Feeling inspired to write your first TDS post? We’re always open to contributions from new authors.
Before we get into this week’s selection of stellar articles, we’d like to take a moment to thank all our readers, authors, and members of our broader community for helping us reach a major milestone, as our followers count on Medium just reached…
We couldn’t be more thrilled — and grateful for everyone that has supported us in making TDS the thriving, learning-focused publication it is. Here’s to more growth and exploration in the future!
Back to our regular business, we’ve chosen three recent articles as our highlights this week, focused on cutting-edge tools and approaches from the ever-exciting fields of computer vision and object detection. As multimodal models grow their footprint and use cases like autonomous driving, healthcare, and agriculture go mainstream, it’s never been more crucial for data and ML practitioners to stay up-to-speed with the latest developments. (If you’re more interested in other topics at the moment, we’ve got you covered!

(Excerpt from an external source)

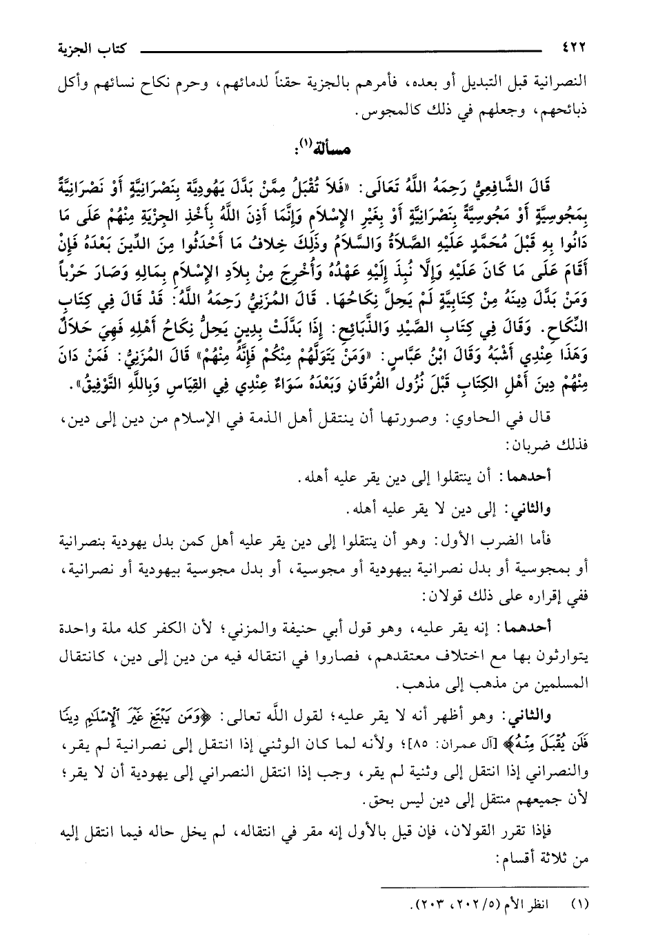 قال الشافعي رحمه الله تعالى: "فلا تقبل ممن بدل يهودية بنصرانية أو نصرانية بمجوسية أو مجوسية بنصرانية أو بغير الإسلام وإنما أذن الله بأخذ الجزية منهم على ما دانوا به قبل محمد عليه الصلاة والسلام وذلك خلاف ما أحدثوا من الدين بعده فإن أقام على ما كان عليه وإلا نبذ إليه عهده وأُخرج من بلاد الإسلام بماله وصار حربًا ومن بدل دينه من كتابية لم يحل نكاحها. قال المزني رحمه الله: قد قال في كتاب النكاح. وقال في كتاب الصيد والذبائح: إذا بدلت بدين يحل نكاح أهله فهي حلال وهذا عندي أشبه وقال ابن عباس: "ومن يتولهم منكم فإنه منهم" قال المزني: فمن دان منهم دين أهل الكتاب قبل نزول الفرقان وبعده سواء عندي في القياس وبالله التوفيق".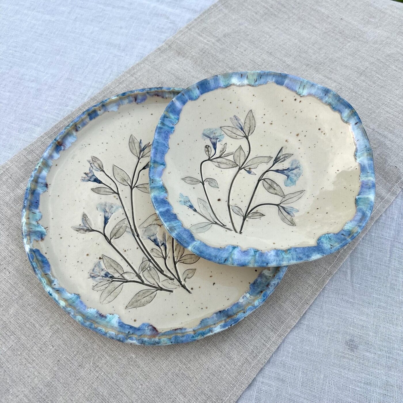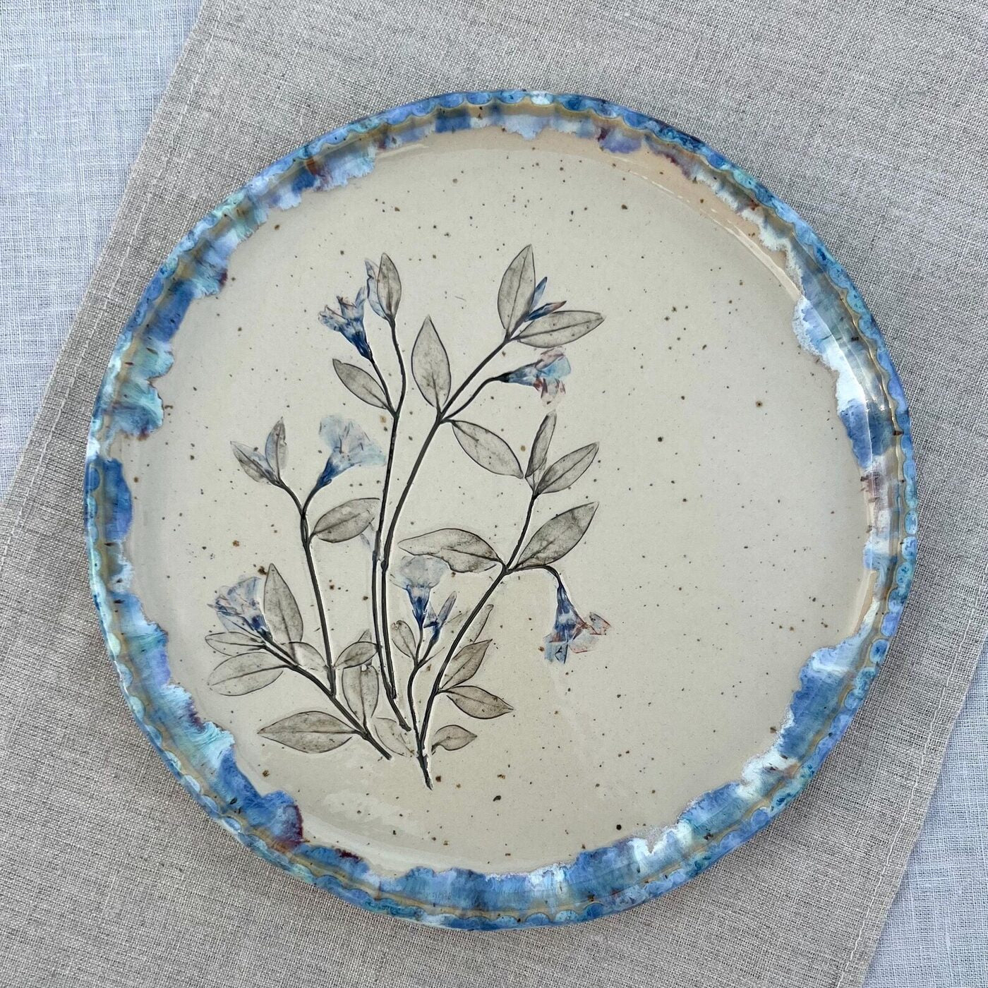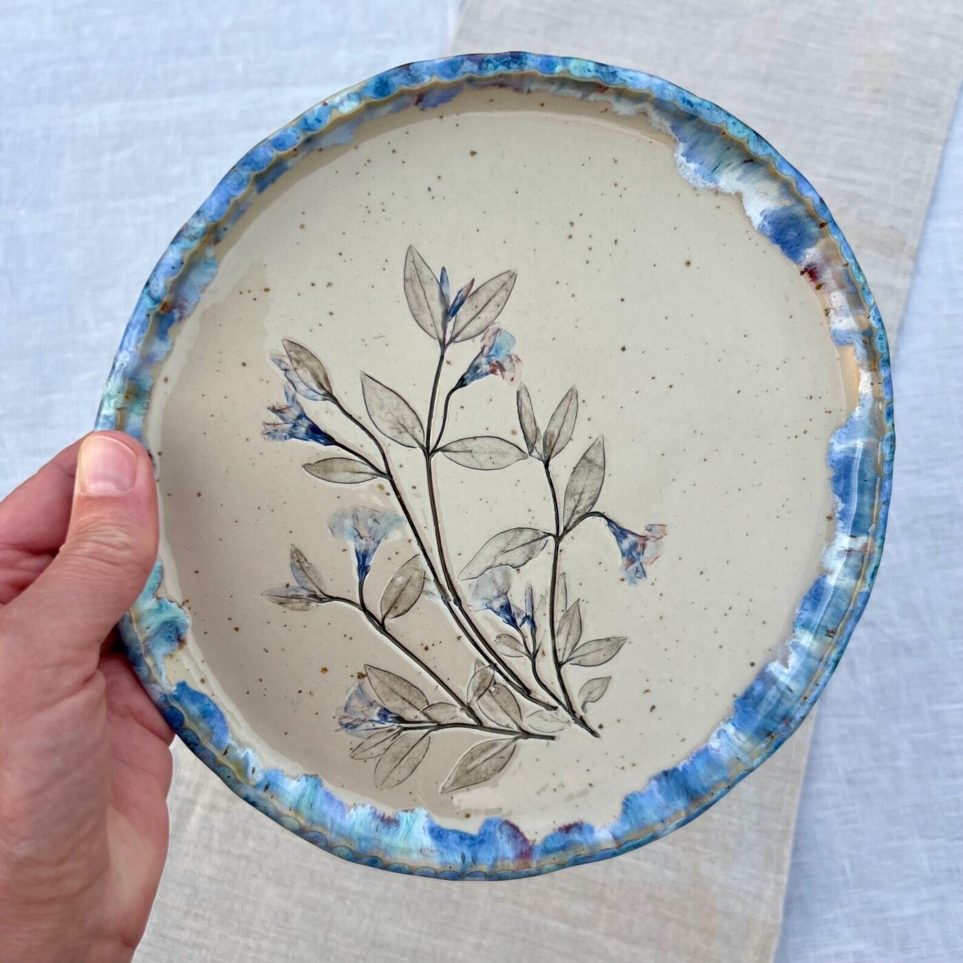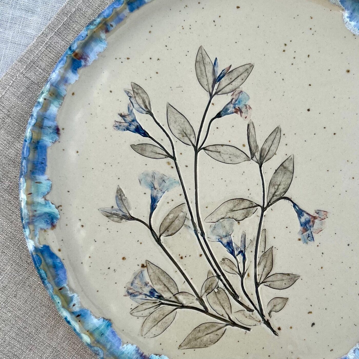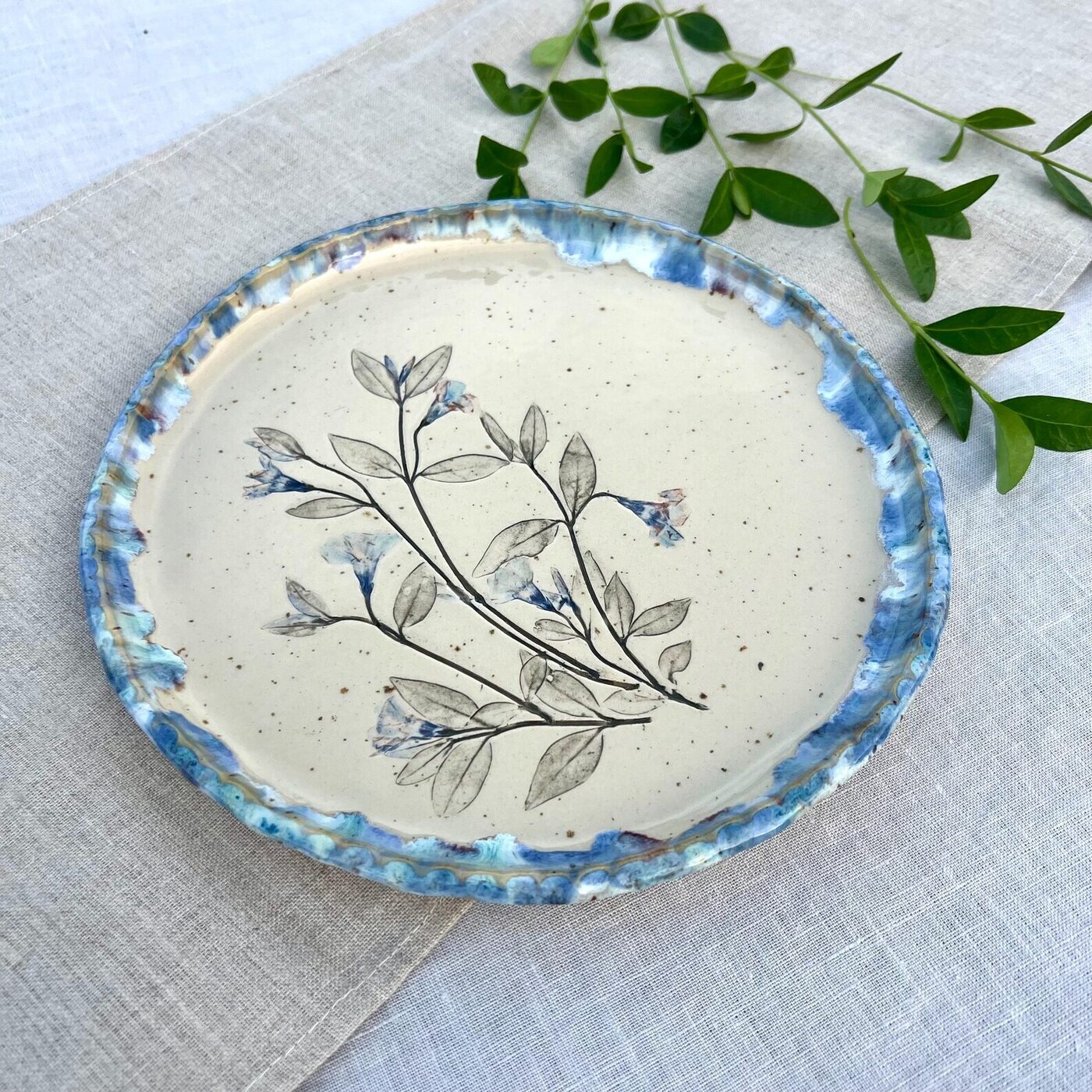 Šķīvis rotāts ar smalku auga nospiedumu – dabas elementu, kas iemūžināts mālā.

Scroll down for a handful of carefully picked recommendations on neuroscience, music and AI, environmentally conscious ML workflows, and more.)
- Mastering Object Counting in Videos
Accurate object detection in videos comes with a host of new challenges when compared to the same process in static images. Lihi Gur Arie, PhD presents a clear and concise tutorial that shows how you can still accomplish it, and uses the fun example of counting moving ants on a tree to make her case. - Spicing Up Ice Hockey with AI: Player Tracking with Computer Vision
For anyone looking for a thorough and engaging project walkthrough, we strongly recommend Raul Vizcarra Chirinos’ writeup of his recent attempt to build a hockey-player tracker from (more or less) scratch. Using PyTorch, computer vision techniques, and a convolutional neural network (CNN), Raul developed a prototype that can follow players and collect basic performance statistics. - A Crash Course of Planning for Perception Engineers in Autonomous Driving
While we might still be years away from self-driving cars dominating our roads, researchers and industry players have made significant progress in recent years. Practitioners who’d like to expand their knowledge of planning and decision-making in the context of autonomous driving shouldn’t miss Patrick Langechuan Liu’s comprehensive “crash course” on the topic.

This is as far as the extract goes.